Ok, I am feeling a bit moronic here, but everything I am reading on product details says that the above modeled TV ought to support the use of headphones. However, I cannot seem to find the headphone jack on the TV. On the back of the tv, which looks like:

http://akamaipix.crutchfield.com/products/2008/305/x30532A330-b.jpeg

There is an audio option for the PC. I am assuming that if it says and does support headphones, it ought to support earphones (which is what I actually have). Can anyone help me with this? Am I being dumb and missing something, or does it actually get more involved to be able to use headphones. Thanks!


----------



## Basementgeek (Feb 7, 2005)

I would think that if it had a place for earphones/headphones it would be on the front or side, not in the back.

BG


----------



## Ithryndil (May 26, 2007)

As would I. I know on the back it has an audio out with a left and right output jack, I wonder if there is a converter that could be used.


----------



## yustr (Sep 27, 2004)

HERE YA GO


----------



## Ithryndil (May 26, 2007)

It's still interesting.
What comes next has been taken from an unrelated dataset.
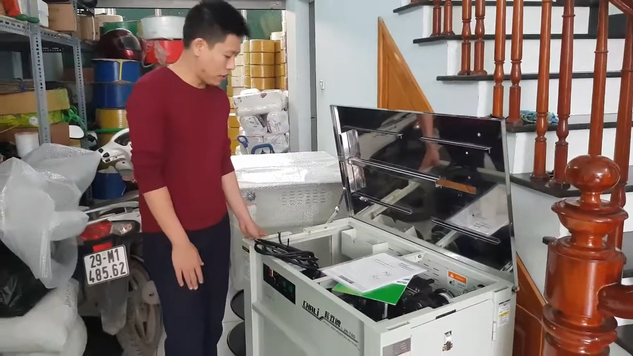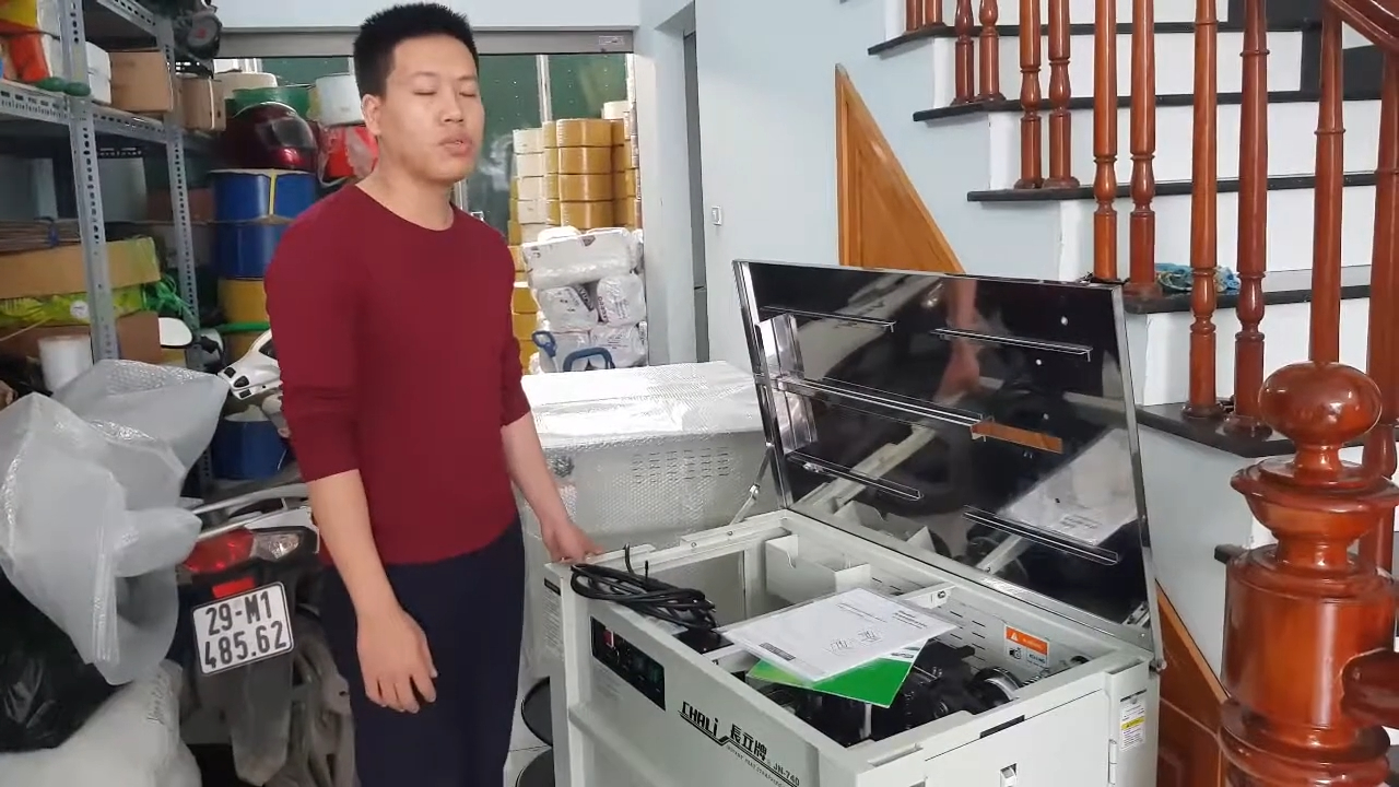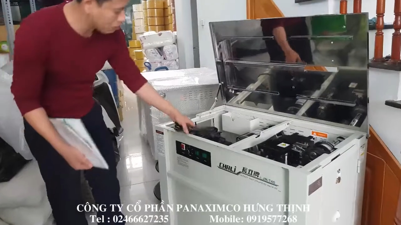 Bây giờ mình sẽ hướng dẫn các bạn cách thao tác và sử dụng máy. Trước tiên chúng ta mở nắp phía trên của máy để kiểm tra và thay dây đai khi cần. Bên trong máy sẽ có một cuộn dây đai đã được lắp sẵn. Khi muốn thay dây mới, chúng ta tháo cuộn dây cũ ra, mở chốt giữ cuộn, sau đó lắp cuộn dây mới vào đúng vị trí. Sau khi đặt cuộn dây vào, cần chú ý căn đúng phần khấc định vị rồi siết chặt lại để cuộn dây không bị lệch trong quá trình máy hoạt động. Khi đã cố định xong, chúng ta đặt cuộn dây vào đúng vị trí ban đầu và đóng nắp máy lại. Tiếp theo là bước xỏ dây đai. Lấy đầu dây đai kéo ra từ cuộn, sau đó lần lượt luồn qua các con lăn dẫn dây trong máy. Đầu tiên là con lăn phía trước, sau đó tiếp tục luồn qua các khe dẫn dây và đưa vào vị trí nạp dây của máy. Sau khi xỏ dây xong, chúng ta có thể đóng nắp máy lại để bắt đầu sử dụng.

I think I will email Samsung and see what they say...but in the mean time I have no problem buying an adapter like the one you linked.


----------



## yustr (Sep 27, 2004)

The Samsung site says its on the side...strange that it's not.


----------



## Ithryndil (May 26, 2007)

I know, but I have looked on both sides...and I am not blind. If it's supposed to be on the side I will look again when I get home from work, but I am certain I saw nothing. I'd think it would be where the channel and volume buttons are. If not, perhaps I should email Samsung and be like hey, my TV doesn't have a headphone jack and you say it should. I'd like to exchange.

Edit: I see on the website where it looks like it should be. My TV has what the image shows, but minus the input/output ports. Perhaps there is a panel covering it up and this morning I didn't look hard enough.


----------



## Ithryndil (May 26, 2007)

Well, I've looked at my TV again. There are no outputs on the side as indicated in the picture on their website. Nor can I see any inside the television where they should be...very strange. It's like they simply left out that part of the TV. Perhaps they updated their TVs shortly afterward to include the side panel, but didn't update the model number.


----------



## Basementgeek (Feb 7, 2005)

I would write call them. There site says it does, on the side:

composite (AV) 
Analog image connector that is used to connect VCR to display images on TV Yes 

S-VideoAnalog image connector that is used to connect VCR to display images on TV Yes 

Headphone can be connected to TV and the audio from TV speakers will be eliminated. Yes 

REF: http://www.samsung.com/us/consumer/...J1DXZA/index.idx?pagetype=prd_detail&tab=spec

BG


----------



## Ithryndil (May 26, 2007)

Exactly. I think I will. I got it about a year and half ago. Nonetheless, it lists those connections for that model number.


----------



## Basementgeek (Feb 7, 2005)

Keep us posted as to what they say

BG


----------



## Ithryndil (May 26, 2007)

Will do. Sent them a message.


----------



## yustr (Sep 27, 2004)

They're gonna tell you that "Spec's are subject to change." 

Buy a coverter cable and forget about it. - unless you can get them to tell you when they made the change and go back to the store and complain that they sold you last year's model for this year's price. Otherwise, its not worth the worry.


----------